I, Animal arrives at SummerWorks from Halifax's Kazan Co-op, who premiered the play in their hometown in May. Richie Wilcox's overly speedy production seems influenced by Daniel Brooks's dark, intense productions of MacIvor's monologues. But not every actor can command a stage with stillness the way MacIvor can, and the design is not seamless enough to conjure the necessary atmosphere.

Only Boy in Hoodie truly captivates, though he has a story that resonates at a higher frequency. The two other speeches contain some lovely observations about human nature, but they ultimately feel like MacIvor B-sides without a larger structure to the show.

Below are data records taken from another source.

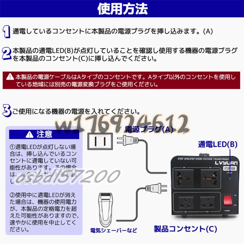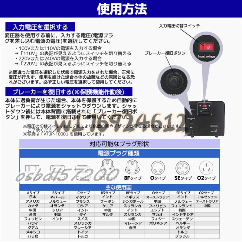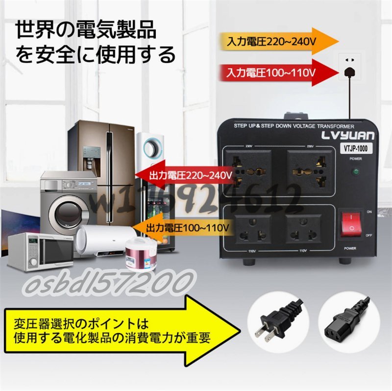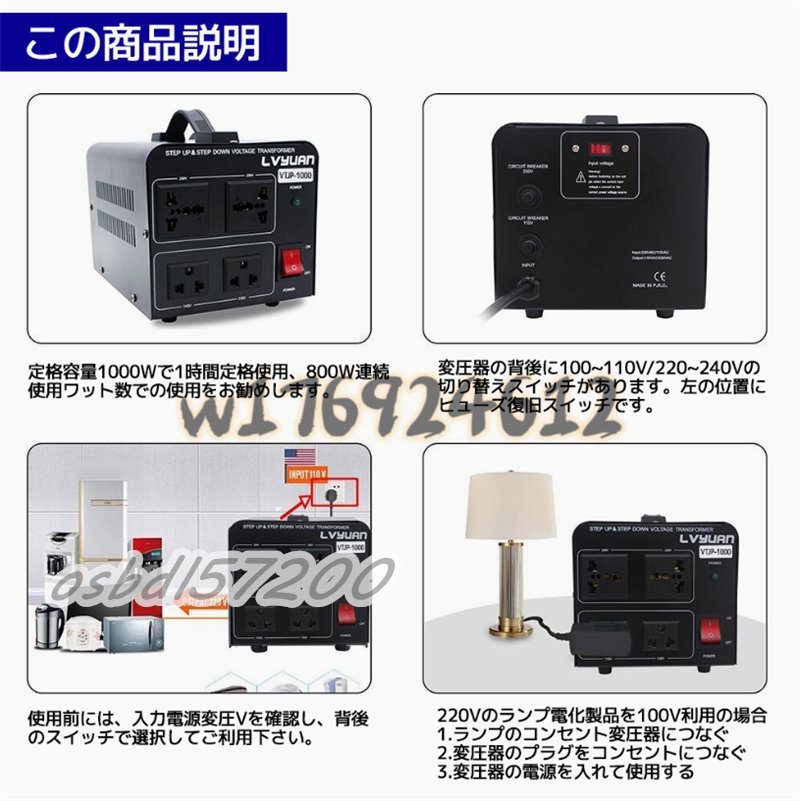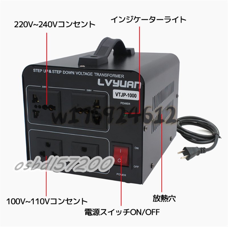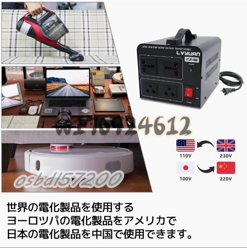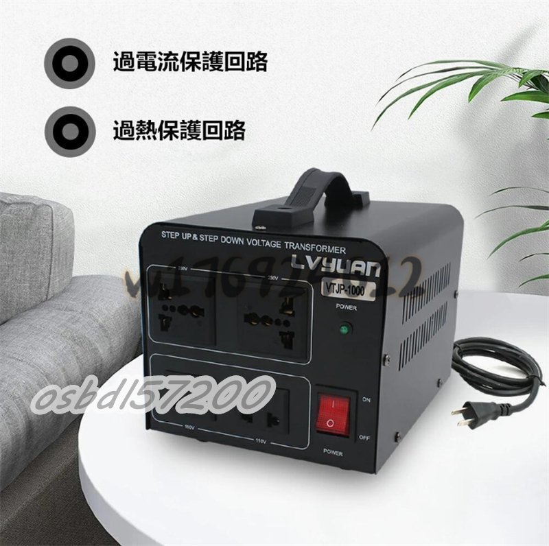 入手困難!両用変圧器 降圧 昇圧1000W トランス アップ ダウン 全世界対応 海外製品向け 100V/110V 220V/240V 変換
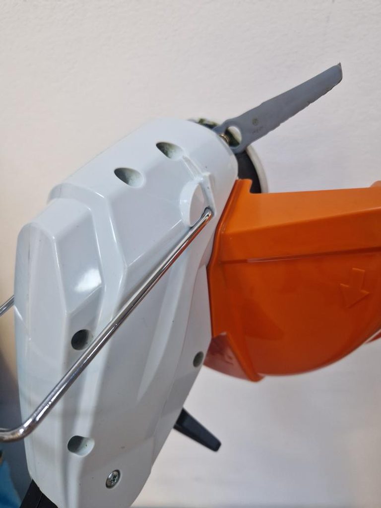 Aku strunová sekačka byla použita k odzkoušení, má drobné oděrky povrchu a viditelné použití žacích nožů, vč. originální balení vč. návodu, stroj je 100% funkční.
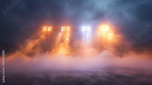 Fototapeta premium Stadium floodlights illuminating through dense fog during night, creating a...
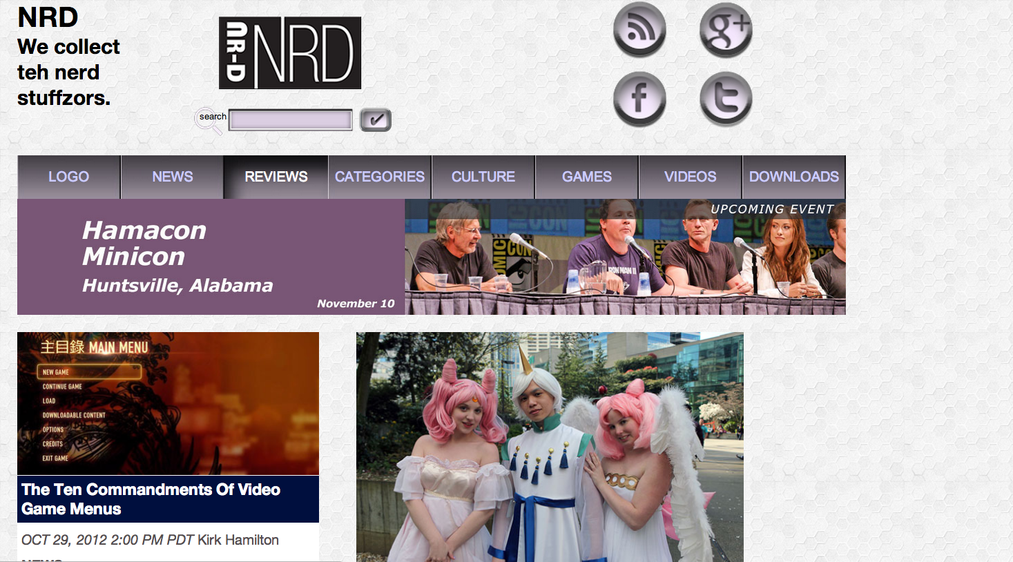 Critique from the Fadiman (web teacher): “More white space, especially between elements vertically and in terms of line height. Elements in header are crowded and unharmonious. More padding in those boxes around your headlines. I think inclusion of a younger, edgier font. Advertising needs to be integrated, not marginalized to the right column. Content and structure are great, but needs more social.”
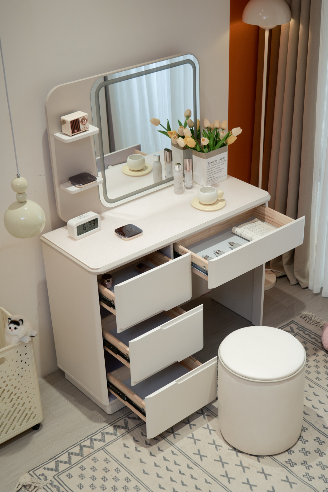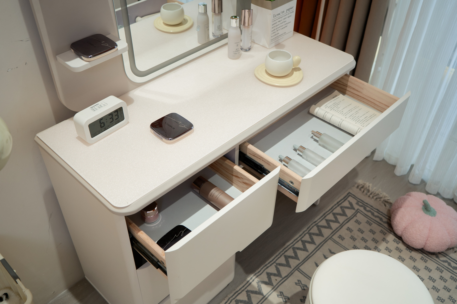 Oglinda integrată, realizată din sticlă securizată, este prevăzută cu iluminare LED integrată, oferind o lumină clară și uniformă — ideală pentru un machiaj precis în orice moment al zilei.
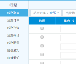 子項功能包含,以線路為例:線路產品管理、線路訂單、線路咨詢、線路評論、線路配置、線路相關通知配置等功能
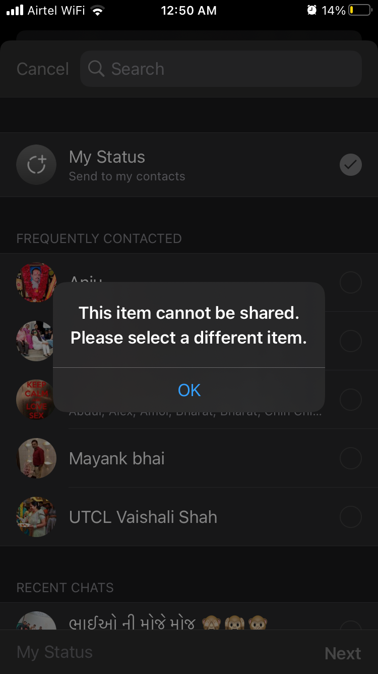 Unable to share bounce photos via whatsapp since IOS15 upgrade
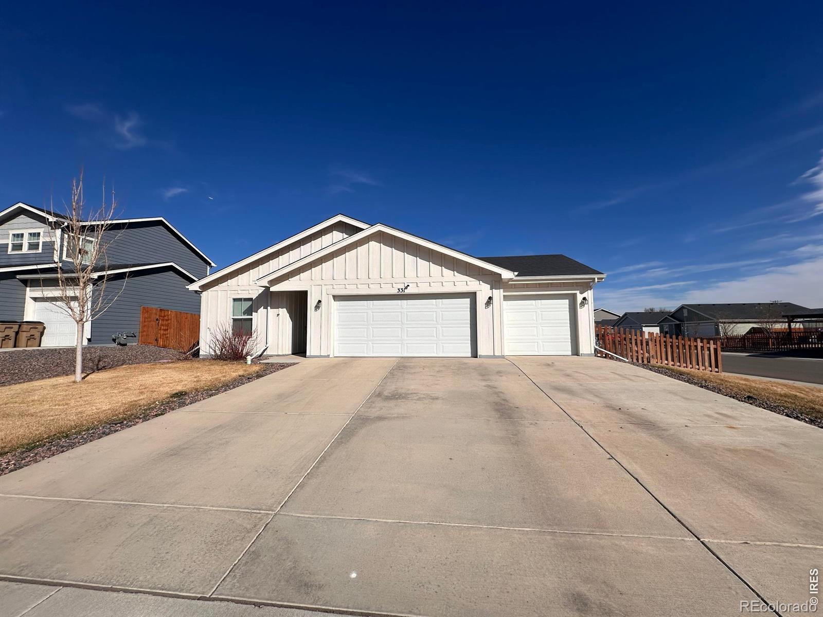 Better than new ranch with a 3 car garage in a newer subdivision. Home is close to schools, and transportation. Very light and bright, with slab counters, modern floors and tankless water heater. Kitchen features a walk-in pantry, lots of cabinets, center island with lots of storage space. Home is located on a corner lot, that has been completely landscaped with additional concrete for outdoor enjoyment. Full sprinkler system, added trees, newer sod, and room for an outdoor firepit. VERY LOW HOA fees, and NO Metro District. 3 car garage is not often found in the area, but this one has it. Easy to show, ready to go.
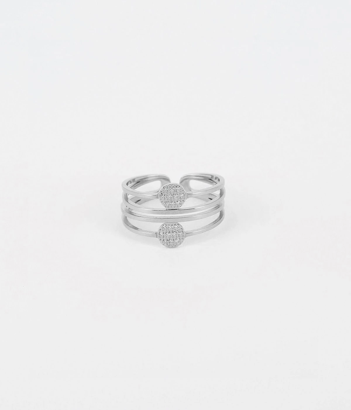 Bague ajustable en acier uni ou doré à l’or fin formée de plusieurs anneaux réunis ensemble par deux motifs de zirconiums sertis.
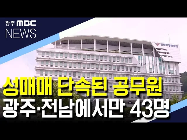 지난 5년동안 광주와 전남지역에서 성매매로 적발된 공무원이 43명에 달하는 것으로 나타났습니다. 경찰청 국정감사 자료에 따르면 지난 2015년부터 올해까지 광주에서는 21명, 전남에서는 22명의 공무원이 성매매로 적발됐습니다. 적발된 공무원 가운데 5명은 경찰관이었던 것으로 조사됐습니다.
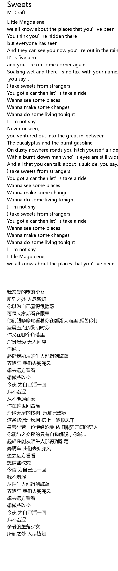 | [00:58.14] | I take sweets from strangers |
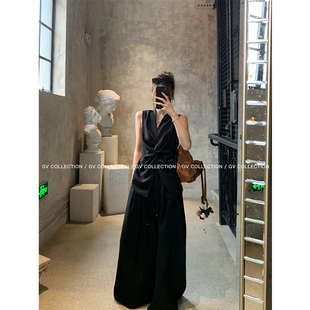 背心透气修身 纽结立体V领收腰无袖 上衣女夏 棉麻随性感 GV大白哥
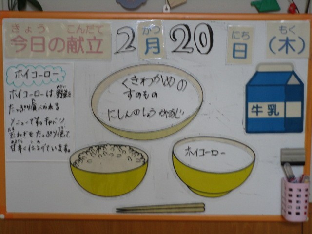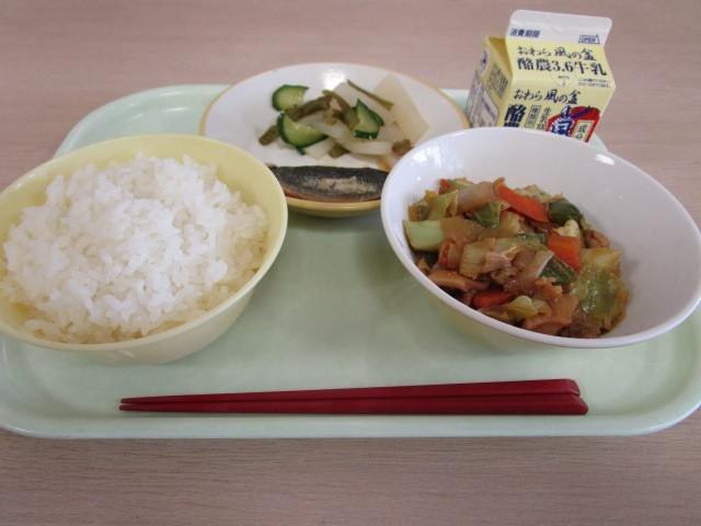 今日の献立は、ごはん、牛乳、にしんの生姜味、茎わかめの酢の物、回鍋肉です。
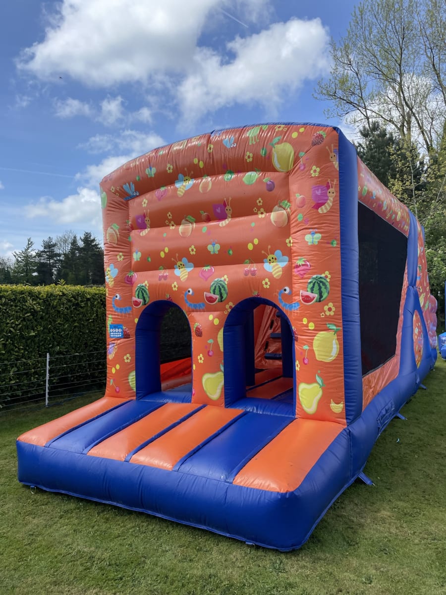 This bouncy castle/slide combo is very popular with boys and girls, vibrant multi coloured, bright, fun looking, will fit most gardens and will certainly keep your little ones happy for many hours,
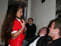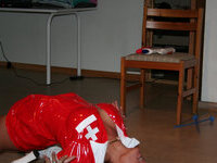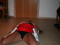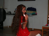 Slutty Housewife wearing a Skin Tight Fitted Shiny Rubber Latex Skirt and Shiny Stockings So Tight She Can Hardly Walk in it is Ready For Cock Sucking and Anal Sex
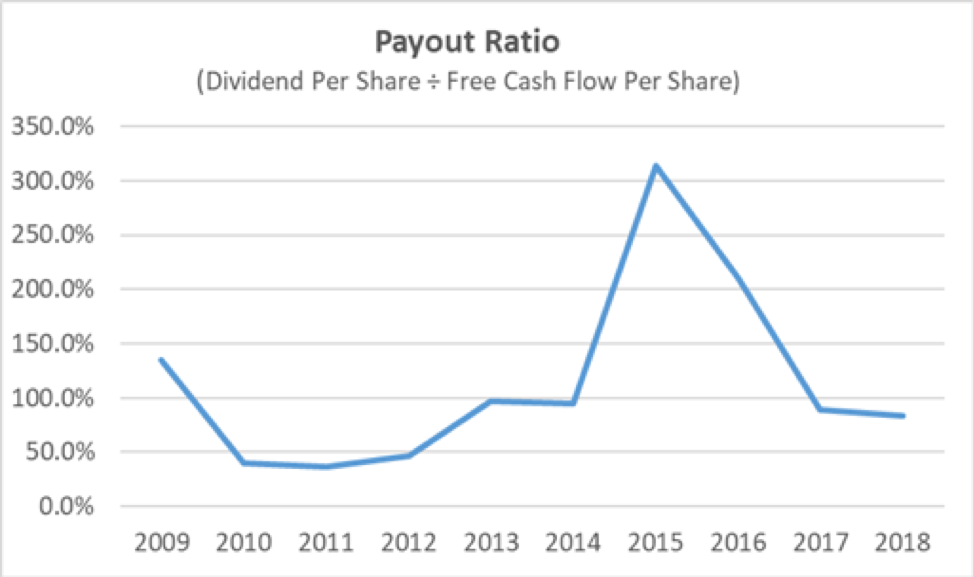 Here’s the Exxon Mobil dividend payout ratio based on free cash flow over the last 10 years…

These humans talk and talk and talk, but, in this case, they don't say very much.

A less poetic and polished, but livelier new script at SummerWorks is Barrel Crank, which comes to the festival from the Suitcase in Point company in St. Catharines, Ont. It is also, in a way, about a human afraid of the fact that she is also an animal.

Written by the talented Erin Shields (If We Were Birds, Montparnasse) and based on studio improvisations, the play tells the story of Annie Edson Taylor (Amy Nostbakken) who, at the age of 63 in 1901, became the first person to ride over Niagara Falls in a barrel and live.

In Shields's sideshow-style retelling of the true tale, Annie – a strong-willed widow – had a sense of dignity that prevented her making money off her journey; she wanted to go on a lecture circuit of universities, but only found herself invited to dime museums and sideshows.

Though she intended the stunt to give her life meaning and means, instead her terrifying ride left her traumatized and with an overwhelming sense of shame. Her famous barrel was stolen by her manager and what money she made was spent on a private investigator trying to track it down. The moral, as TLC succinctly put it: Don't go chasing waterfalls.

Despite some technical difficulties on opening night, Rose Plotek's production has a few brilliant moments – the scene where Annie goes over the falls being particularly magically conjured by video and more old-fashioned stagecraft.

Deanna Jones, artistic director of Suitcase in Point, plays a number of roles with winning cheekiness, notably the cat who took Annie's barrel for a test ride. Supporting as a series of landlords and lowlifes, Muoi Nene and Trent Pardy are truly funny.

That said, Nostbakken's Annie is too enigmatic for her story to connect as more than historical oddity. And, in its current stage of development, the script is a bit of a Niagara sprawl. With some tightening up and deepening, however, it could be as captivating as Nik Wallenda's recent tightrope walk across the famous Canadian cataracts.